# SUPPLIED RECORDS:
===
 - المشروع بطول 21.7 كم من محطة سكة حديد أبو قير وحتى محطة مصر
===
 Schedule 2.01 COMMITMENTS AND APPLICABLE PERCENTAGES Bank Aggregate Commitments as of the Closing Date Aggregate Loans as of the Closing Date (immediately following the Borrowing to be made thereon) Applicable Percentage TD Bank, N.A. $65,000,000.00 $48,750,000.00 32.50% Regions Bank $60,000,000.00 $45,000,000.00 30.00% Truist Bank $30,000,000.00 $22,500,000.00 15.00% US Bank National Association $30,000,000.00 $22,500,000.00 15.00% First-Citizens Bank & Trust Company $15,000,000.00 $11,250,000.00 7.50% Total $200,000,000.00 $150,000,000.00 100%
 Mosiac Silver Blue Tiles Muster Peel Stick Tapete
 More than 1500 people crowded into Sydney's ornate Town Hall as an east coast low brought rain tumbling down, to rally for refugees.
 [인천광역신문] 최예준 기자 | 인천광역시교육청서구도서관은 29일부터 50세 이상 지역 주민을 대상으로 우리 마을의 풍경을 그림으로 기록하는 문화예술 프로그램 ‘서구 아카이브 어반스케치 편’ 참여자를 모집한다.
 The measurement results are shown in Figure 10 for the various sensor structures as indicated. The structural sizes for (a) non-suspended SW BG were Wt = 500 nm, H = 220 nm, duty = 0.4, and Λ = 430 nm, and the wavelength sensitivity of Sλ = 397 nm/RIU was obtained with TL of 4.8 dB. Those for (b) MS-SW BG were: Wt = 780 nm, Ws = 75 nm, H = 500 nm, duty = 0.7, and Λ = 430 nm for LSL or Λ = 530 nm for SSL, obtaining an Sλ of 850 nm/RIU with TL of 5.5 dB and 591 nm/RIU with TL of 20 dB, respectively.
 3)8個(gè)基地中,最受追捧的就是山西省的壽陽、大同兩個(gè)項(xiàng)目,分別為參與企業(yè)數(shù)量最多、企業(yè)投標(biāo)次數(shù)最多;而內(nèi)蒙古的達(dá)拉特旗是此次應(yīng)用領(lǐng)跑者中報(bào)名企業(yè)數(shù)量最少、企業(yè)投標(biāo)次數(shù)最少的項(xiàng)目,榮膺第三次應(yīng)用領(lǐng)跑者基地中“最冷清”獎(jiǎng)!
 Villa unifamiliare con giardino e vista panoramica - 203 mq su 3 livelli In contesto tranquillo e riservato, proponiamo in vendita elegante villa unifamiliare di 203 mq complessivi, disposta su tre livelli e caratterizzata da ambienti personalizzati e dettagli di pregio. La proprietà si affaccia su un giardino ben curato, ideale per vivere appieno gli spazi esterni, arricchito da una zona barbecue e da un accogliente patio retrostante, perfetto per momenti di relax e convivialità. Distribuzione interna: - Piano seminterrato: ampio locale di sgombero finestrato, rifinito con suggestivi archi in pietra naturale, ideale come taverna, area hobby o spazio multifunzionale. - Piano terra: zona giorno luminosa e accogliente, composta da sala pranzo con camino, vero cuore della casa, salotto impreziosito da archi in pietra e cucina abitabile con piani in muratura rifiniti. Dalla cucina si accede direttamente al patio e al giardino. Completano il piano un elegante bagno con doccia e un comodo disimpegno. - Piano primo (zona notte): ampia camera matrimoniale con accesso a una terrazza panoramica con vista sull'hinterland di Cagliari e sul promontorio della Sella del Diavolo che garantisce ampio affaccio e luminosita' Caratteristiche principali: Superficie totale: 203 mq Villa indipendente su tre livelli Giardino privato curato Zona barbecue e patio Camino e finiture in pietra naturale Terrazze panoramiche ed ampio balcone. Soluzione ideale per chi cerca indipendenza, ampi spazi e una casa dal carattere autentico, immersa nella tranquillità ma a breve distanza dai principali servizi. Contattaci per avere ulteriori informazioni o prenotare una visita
===
# TASK REQUIREMENTS:
Transcribe the records above exactly, beginning at the line that contains "Mosiac Silver Blue" and ending with the line that contains "The measurement results", both included, and nothing else.

# COMPLETED TASK:
 Mosiac Silver Blue Tiles Muster Peel Stick Tapete
 More than 1500 people crowded into Sydney's ornate Town Hall as an east coast low brought rain tumbling down, to rally for refugees.
 [인천광역신문] 최예준 기자 | 인천광역시교육청서구도서관은 29일부터 50세 이상 지역 주민을 대상으로 우리 마을의 풍경을 그림으로 기록하는 문화예술 프로그램 ‘서구 아카이브 어반스케치 편’ 참여자를 모집한다.
 The measurement results are shown in Figure 10 for the various sensor structures as indicated. The structural sizes for (a) non-suspended SW BG were Wt = 500 nm, H = 220 nm, duty = 0.4, and Λ = 430 nm, and the wavelength sensitivity of Sλ = 397 nm/RIU was obtained with TL of 4.8 dB. Those for (b) MS-SW BG were: Wt = 780 nm, Ws = 75 nm, H = 500 nm, duty = 0.7, and Λ = 430 nm for LSL or Λ = 530 nm for SSL, obtaining an Sλ of 850 nm/RIU with TL of 5.5 dB and 591 nm/RIU with TL of 20 dB, respectively.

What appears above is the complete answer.